EU-Mercosur Agreement: a South American giant at Europe’s doorstep
To understand the agreement, we must first look at the South American bloc itself. Mercosur (Southern Common Market) was created in 1991 with the Treaty of Asunción, signed by Argentina, Brazil, Paraguay, and Uruguay. The ambition was clear: to build a common market based on the European model, gradually removing internal customs barriers and adopting a common external tariff.
Today, Mercosur comprises these four founding members, joined later by Venezuela (suspended since 2016) and Bolivia (currently consolidating membership). Associated countries like Chile, Peru, Colombia, and Ecuador participate in certain agreements without being full members. Economically, the bloc carries significant weight, accounting for around 62% of South America’s GDP and serving as a major trading partner for the EU.
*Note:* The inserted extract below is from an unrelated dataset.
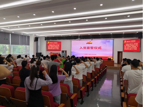 之后,举行了新党员入党宣誓、老党员重温入党誓词仪式。在奏响庄严的《国际歌》后,党员们怀着无比激动的心情,面向鲜红的党旗,向党发出了铮铮誓言:“我志愿加入中国共产党,拥护党的纲领,遵守党的章程……”铿锵有力的宣誓声抒发了党员对党忠诚的炽热情感,将在今后的学习和工作中践行自己的庄严誓言,不断提高自身修养,全心全意为人民服务,做一名合格共产党员。

25 Years of Negotiations: Why Now?
The history began in the late 1990s. By 1999, the two blocs officially launched negotiations. Divisions quickly emerged: Mercosur sought greater access for agricultural products (beef, poultry, sugar), while the EU aimed to open South American markets to European cars, machinery, and chemicals. After a series of halts, an agreement in principle was announced in June 2019.
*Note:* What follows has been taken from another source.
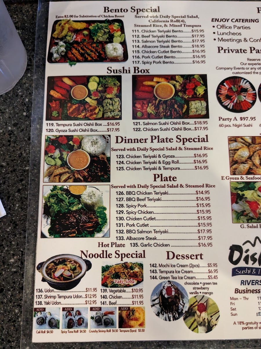 On the menu, you will find enticing teriyaki dishes such as BBQ Chicken and BBQ Beef, alongside satisfying bento specials like Salmon Teriyaki and Spicy Pork. Each dish showcases fresh ingredients and authentic flavors, perfect for a quick lunch or a leisurely dinner.

However, surging deforestation in the Amazon under Jair Bolsonaro and the rise of the European Green Deal turned the treaty into a symbol of contradiction. Member states like France, Austria, Ireland, and the Netherlands voiced refusal to ratify a text deemed incompatible with the Paris Agreement.
Lula’s return to the Brazilian presidency in 2023 changed the landscape. With promises to combat deforestation, Brussels attempted to salvage the text with an “additional instrument” on sustainable development. In January 2026, the Council of the EU finally approved the agreement.
EU-Mercosur Agreement: Industry vs. Agriculture, who wins, who loses?
The Commission presents this as one of the world’s largest free trade areas, covering 750 million consumers. Bilateral trade already exceeds €100 billion per year.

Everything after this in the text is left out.